**Exercise details**
Skip all pictures; return exactly the lines from the one containing "El ICC de abril" through the end of the data.

*** Begin section ***

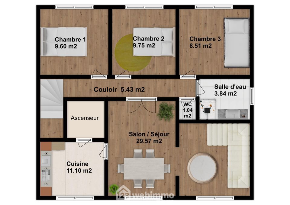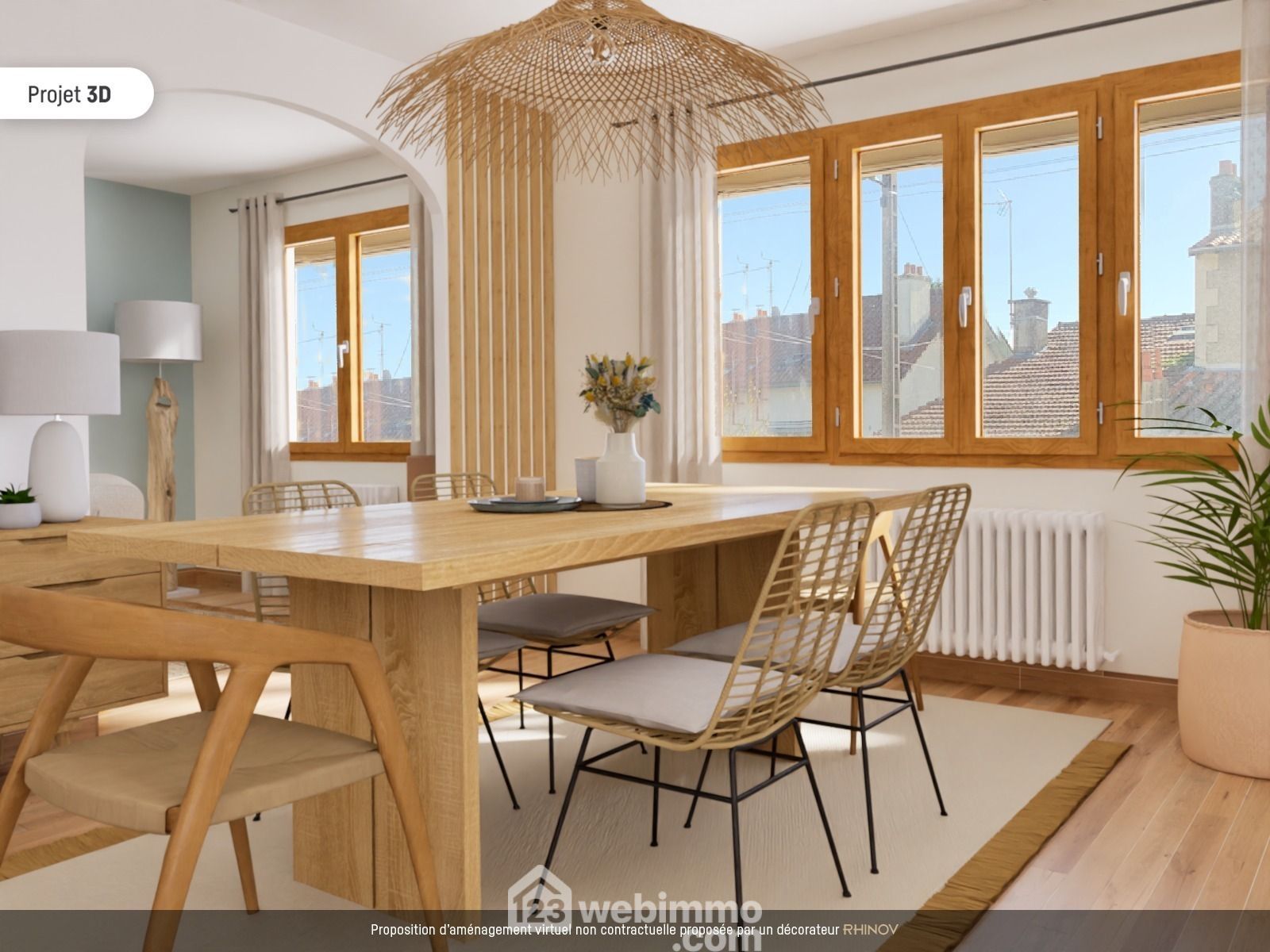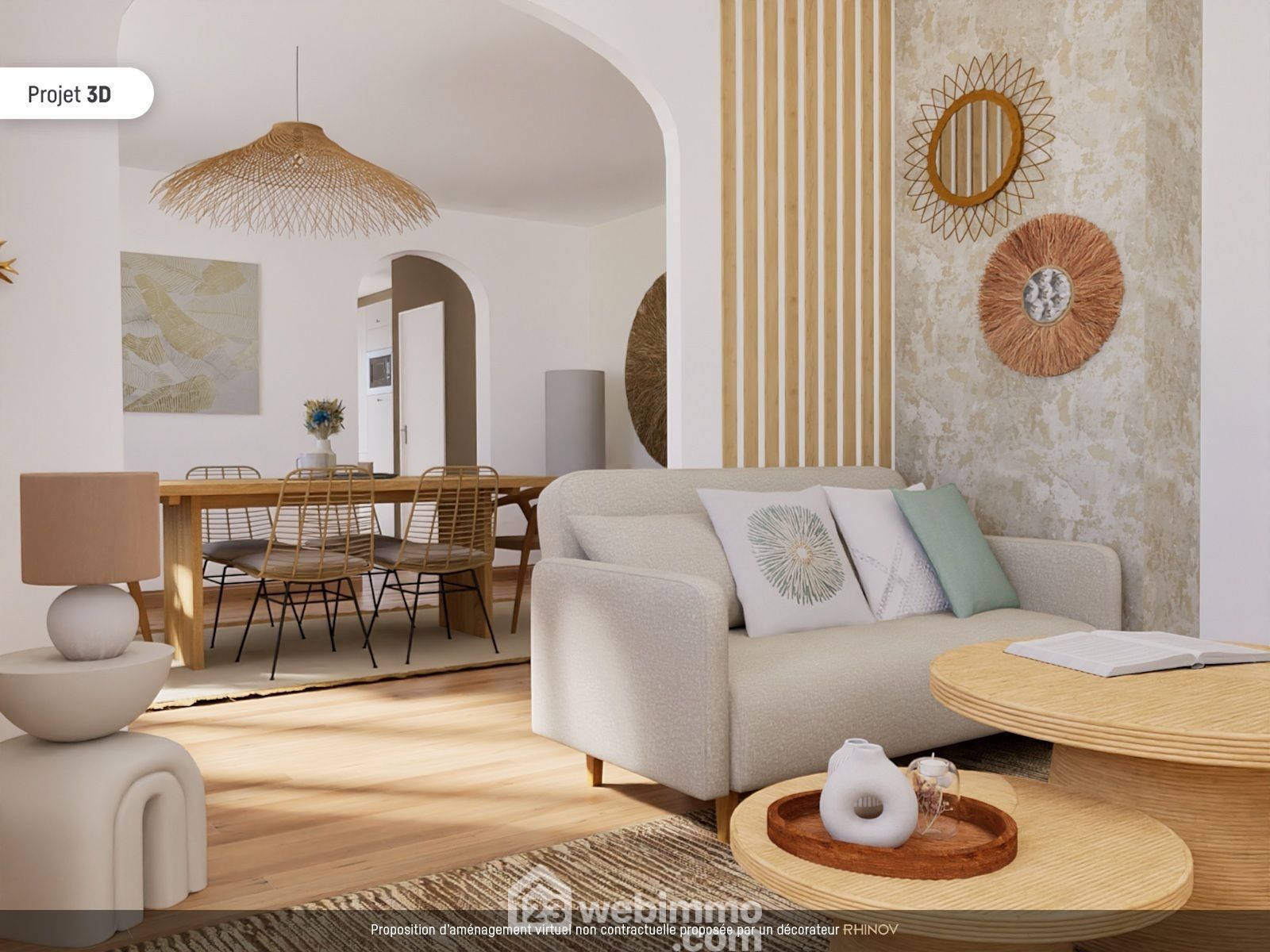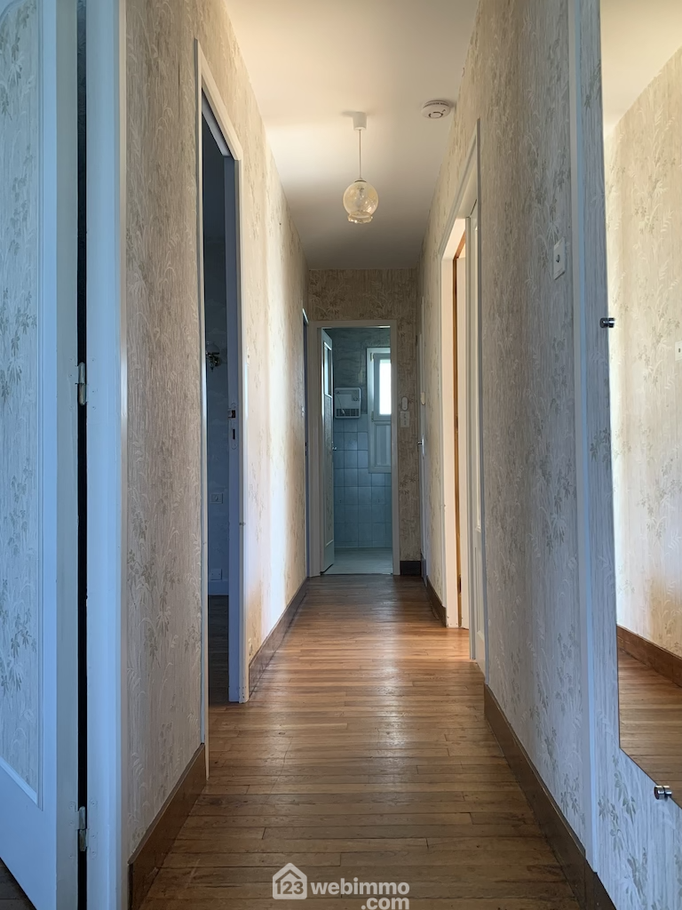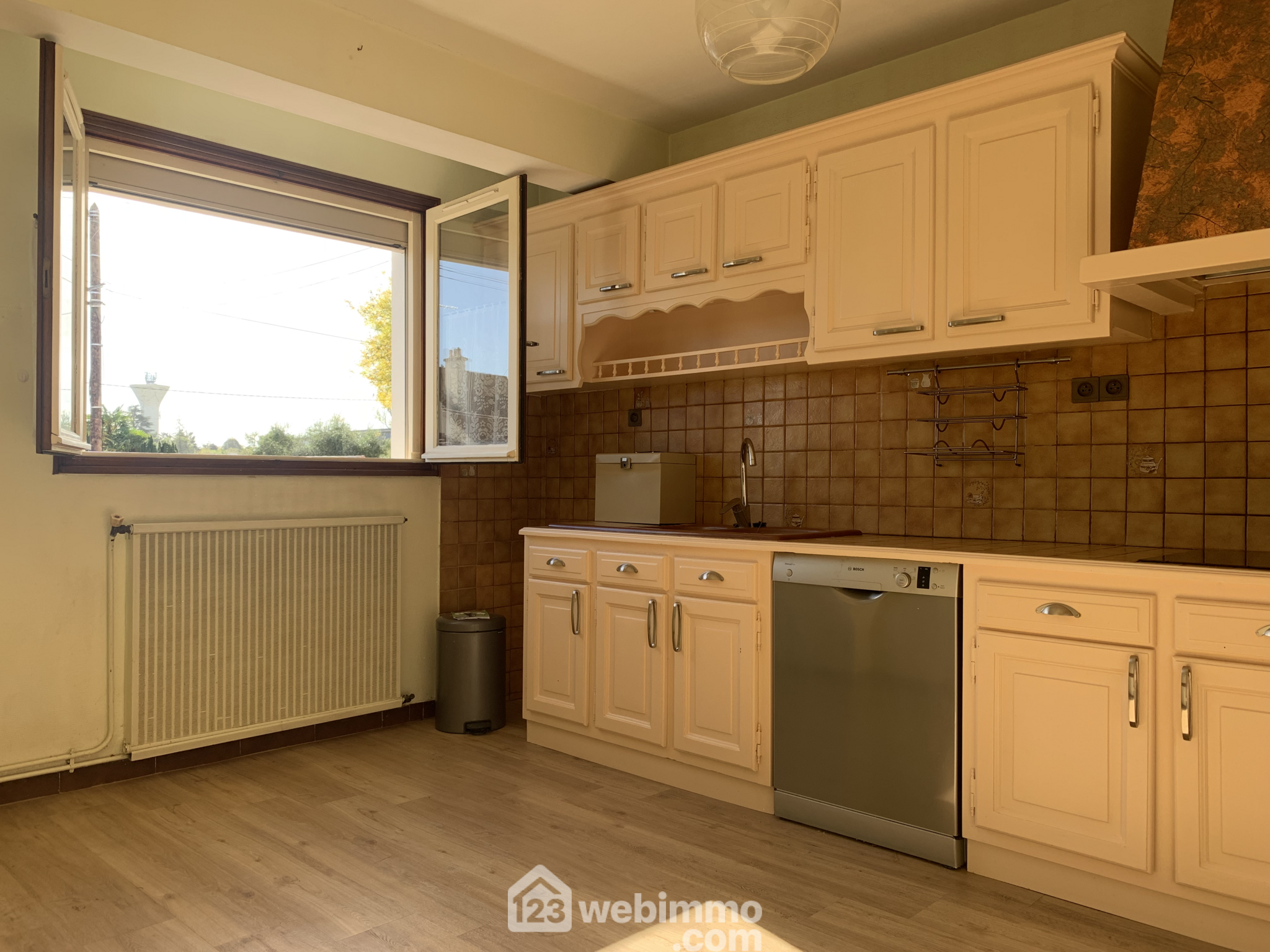 À l'étage, un couloir distribue l'ensemble des pièces : salon / séjour d'environ 30 m2, cuisine aménagée, 3 chambres, salle d'eau et WC.
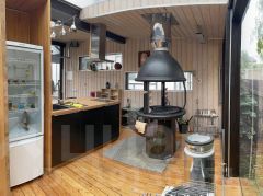 Участок выровнен, высажены молодые голубые ели, установлено ночное освещение территории. Обустроена и застеклена великолепная зона отдыха с барбекю, камином и небольшой кухней. Окна в пол придают ощущение пространства и слияния с природой в любое время года. Во внутреннем дворике размещена классная стритбольная площадка, которая может стать основой для детского развивающего комплекса или обычной лужайки с газоном.
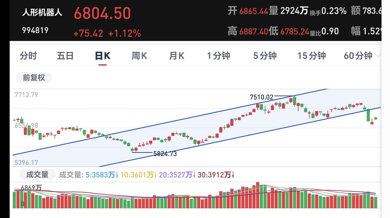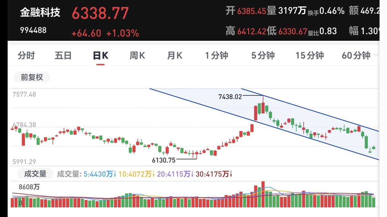 基金:弱反弹的情况下可不可以伸手 日本和韩国市场今天上涨,日本上涨了2.38%,韩国上涨了11.22%,上涨幅度都不小,特别是韩国的上涨幅度比较大。 香港市场今天是涨跌不一,恒生指数上涨了0.72%,国企指数上涨了0.10%,恒生科技指数下跌了0.49%,涨跌幅度都不大。 我们再来看一下盘面的情况,三大指数现在都在小幅度回落当中,两市累计成交20046亿,相比于昨天同期缩量了1%,说明上午上涨的过程当中缩量,下午回落的过程当中放量,上涨3800多家下跌1500多家,上涨家数还是多于下跌家数,涨停86家,跌停五家,跌停家数并没有增加,主力资金净流入205亿,下午开盘之后主力资金也是在净流出。 整个市场上涨幅度最大的三个板块是:电网设备板块,可控核聚变板块,双创50板块,下跌幅度最大的三个板块是:黄金板块,稀土永磁板块,交通运输板块。 整个市场主力资金净流入最多的三个板块是:高端制造板块,大科技板块,电子板块,主力资金净流出最多的三个板块是:有色金属板块,军工板块,黄金板块。 恒生科技板块今天继续下跌,日线级别现在处于下跌通道中,距离下跌通道的下轨线比较近,持有的人可以继续持有,进场的人需要耐心等待。 恒生科技板块前段时间下跌跌破了周线级别上涨通道的下轨线,现在是处于有效破位当中,想进场的人耐心等待日线级别上涨突破下跌通道上轨线的时候,再考虑要不要进场。 科创50板块日线级别处于短期下跌通道中,今天的上涨并没有能够突破下跌通道的上轨线。今天的上涨没有能够改变日线级别的下跌趋势,想进场的人需要耐心等待。 科创50板块周线级别处于上涨通道中,距离上涨通道的下轨线比较远,小幅度的下跌都改变不了周线级别的上涨趋势,长线持有的人可以继续持有。 金融科技板块今天是上涨,日线级别处于短期下跌通道中,今天的上涨没有能够突破下跌通道的上轨线,今天的上涨没有能够改变日线级别的下跌趋势,想进场的人需要耐心等待。 金融科技板块本周下跌跌破了周线级别上涨通道的下轨线,今天的上涨并没有能够收回到上涨通道内,周线级别的上涨趋势有可能已经被改变。 机器人板块周二下跌跌破了日线级别上涨通道的下轨线,最近的两个交易日都是在上涨通道的下方震荡,今天的上涨并没有能够收回到上涨通道内,还是处于有效破位当中,短线持有的人需要注意风险。 机器人板块周线级别处于上涨通道内,本周的下跌并没有破位周线级别的上涨趋势,长线持有的人可以继续持有。 光伏板块日线级别处于上涨通道中,昨天盘中最低下跌到了上涨通道下轨线上,今天是在上涨通道内震荡,日线级别还是处于上涨趋势中,短线持有的人可以继续持有。 光伏板块周线级别也是处于上涨通道中,周线级别处于上涨趋势中,长线持有的人可以继续持有,除非周线级别的上涨趋势被改变,才可以考虑要不要止盈出来观望。 到现在为止,盘面的走势还是弱反弹走势,这个时候需要管住自己的手,不要轻易伸手,等盘面走势稳当之后再动手,应该是更好的选择。 持有基金现在盘中估值上涨了6401元,盈利金额最大的三个板块是:创新药板块,芯片半导体板块,创业板指,亏损金额最大的三个板块是:大消费板块,海外互联网板块,军工板块。 今天究竟应该怎么办?我会在评论区留言。 花1秒钟点赞,花30秒钟评论,就是对我最大的支持,谢谢大家的支持。
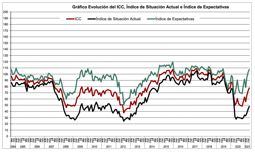 El ICC de abril (77,8 puntos) aporta el mejor dato desde abril de 2020, fecha en la que el índice si situaba en 49,9 puntos.
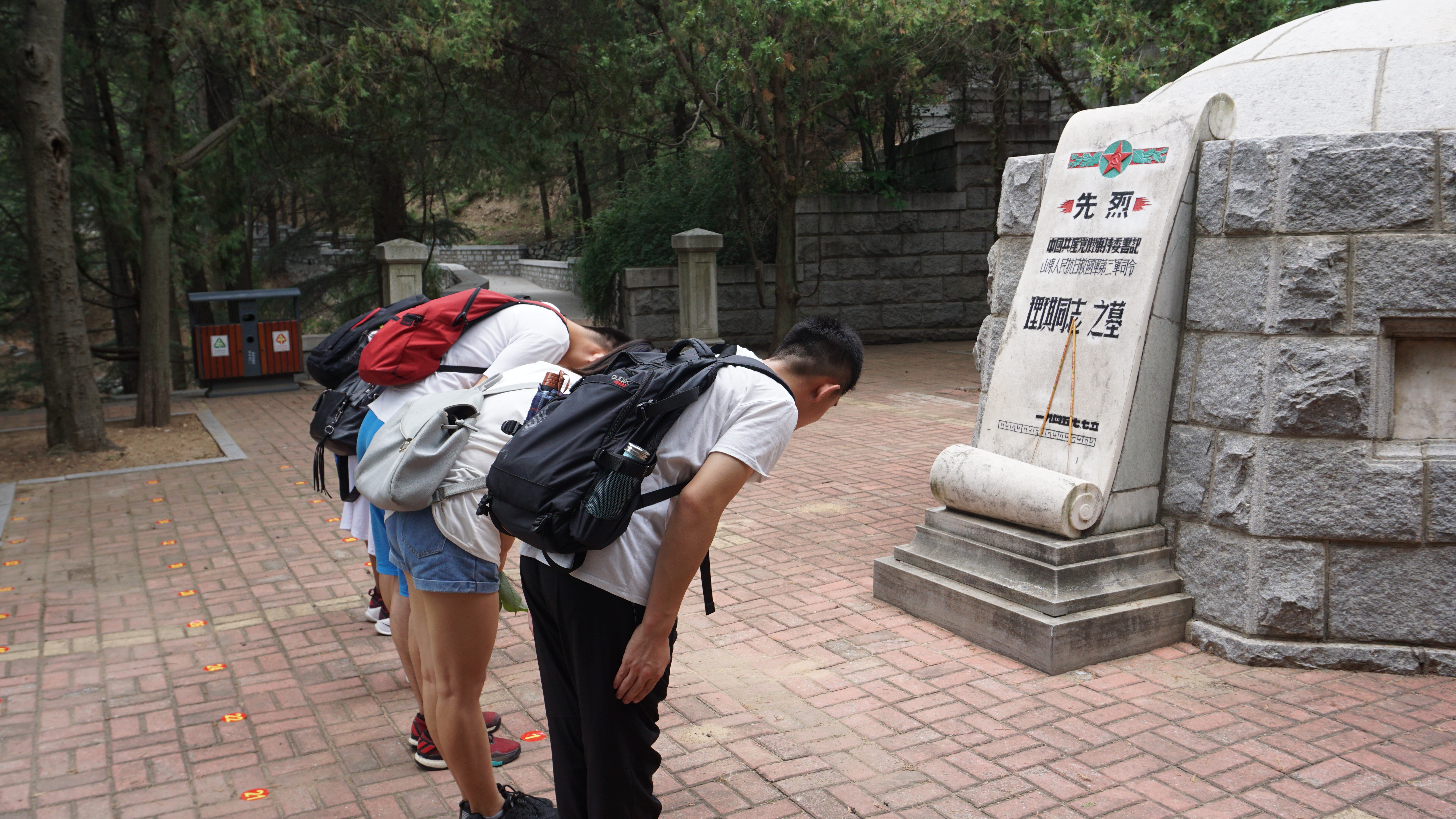 7月15日,实践队一行来到栖霞英灵山进行调研。队员们首先参观了烈士陵园,了解革命先烈的光荣事迹,体悟先烈们的革命精神。一路上看到了烈士墓、群英亭等,队员们认真的阅读烈士们的生平事迹,在烈士纪念堂后面不远的地方,绿树鲜花,簇拥着一座石砌圆顶大墓,墓前悬垂着大理石雕成的白色卷轴,上面刻着:“中共胶东特委书记、山东抗日救国军(第三军)司令理琪同志之墓”。队员们进行了祭拜,表达对理琪同志深深地敬意。青山埋忠骨,马革裹尸还,一个个叩响历史的名字,一个个浴血奋战的场景,一些永不褪色的回忆,一段铸就国魂的历史……每一次提起他们都是一种激励。
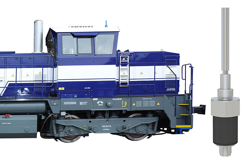 An inductive EDS displacement sensor is used for stroke measurement of hydraulic cylinders in diesel-hydraulic drives. The inductive long-stroke sensor monitors the unintended traction of the locomotive and is thus a safety-relevant component in the drive system. Only when the transmission is fully disengaged can persons such as shunters work near the locomotive. The transmission of the locomotive is moved by a hydraulic cylinder. The inductive sensor monitors the piston stroke and thus determines the clutch condition. induSENSOR EDS models are insensitive to oil and pressure and can be integrated directly into the hydraulic cylinder.
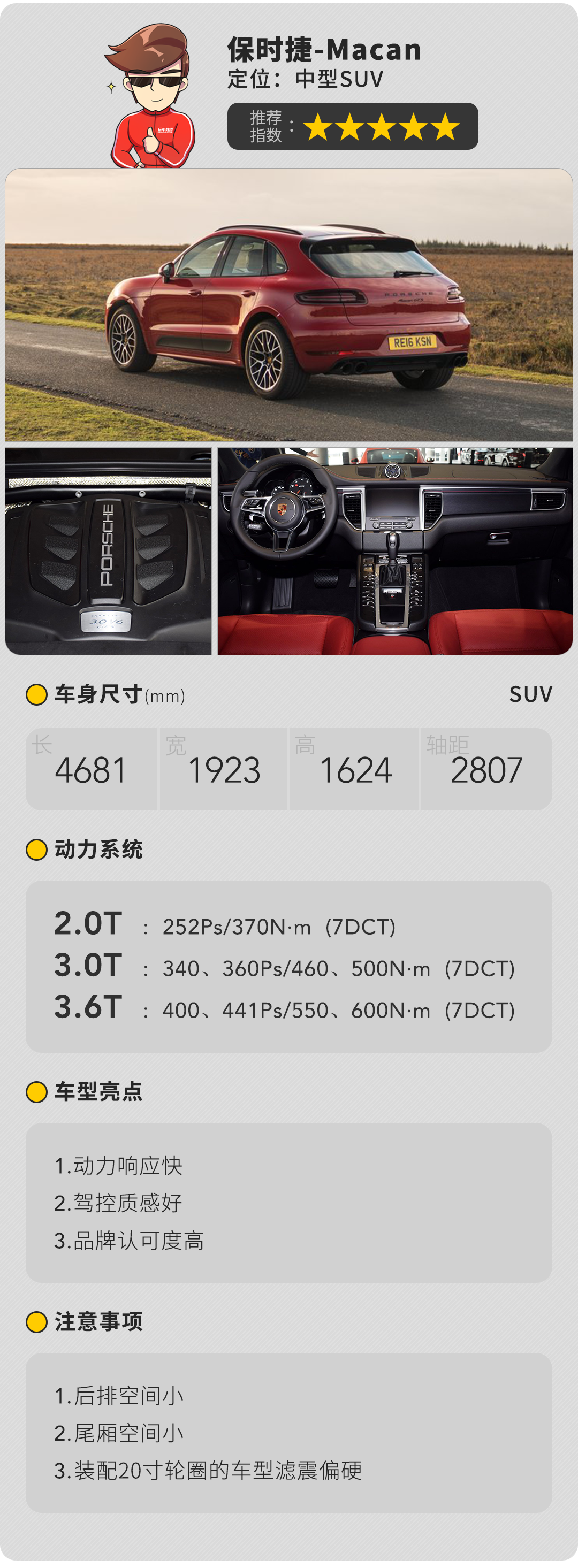 Macan一直都是豪华运动中型SUV的代表,即便是入门的2.0T+7挡双离合,其零百成绩也可做到6.7s,比不少小钢炮都要更快。在转向的调校方面,Macan轻重适宜,路感清晰。

*** End section ***

**Finished exercise**
 El ICC de abril (77,8 puntos) aporta el mejor dato desde abril de 2020, fecha en la que el índice si situaba en 49,9 puntos.
 7月15日,实践队一行来到栖霞英灵山进行调研。队员们首先参观了烈士陵园,了解革命先烈的光荣事迹,体悟先烈们的革命精神。一路上看到了烈士墓、群英亭等,队员们认真的阅读烈士们的生平事迹,在烈士纪念堂后面不远的地方,绿树鲜花,簇拥着一座石砌圆顶大墓,墓前悬垂着大理石雕成的白色卷轴,上面刻着:“中共胶东特委书记、山东抗日救国军(第三军)司令理琪同志之墓”。队员们进行了祭拜,表达对理琪同志深深地敬意。青山埋忠骨,马革裹尸还,一个个叩响历史的名字,一个个浴血奋战的场景,一些永不褪色的回忆,一段铸就国魂的历史……每一次提起他们都是一种激励。
 An inductive EDS displacement sensor is used for stroke measurement of hydraulic cylinders in diesel-hydraulic drives. The inductive long-stroke sensor monitors the unintended traction of the locomotive and is thus a safety-relevant component in the drive system. Only when the transmission is fully disengaged can persons such as shunters work near the locomotive. The transmission of the locomotive is moved by a hydraulic cylinder. The inductive sensor monitors the piston stroke and thus determines the clutch condition. induSENSOR EDS models are insensitive to oil and pressure and can be integrated directly into the hydraulic cylinder.
 Macan一直都是豪华运动中型SUV的代表,即便是入门的2.0T+7挡双离合,其零百成绩也可做到6.7s,比不少小钢炮都要更快。在转向的调校方面,Macan轻重适宜,路感清晰。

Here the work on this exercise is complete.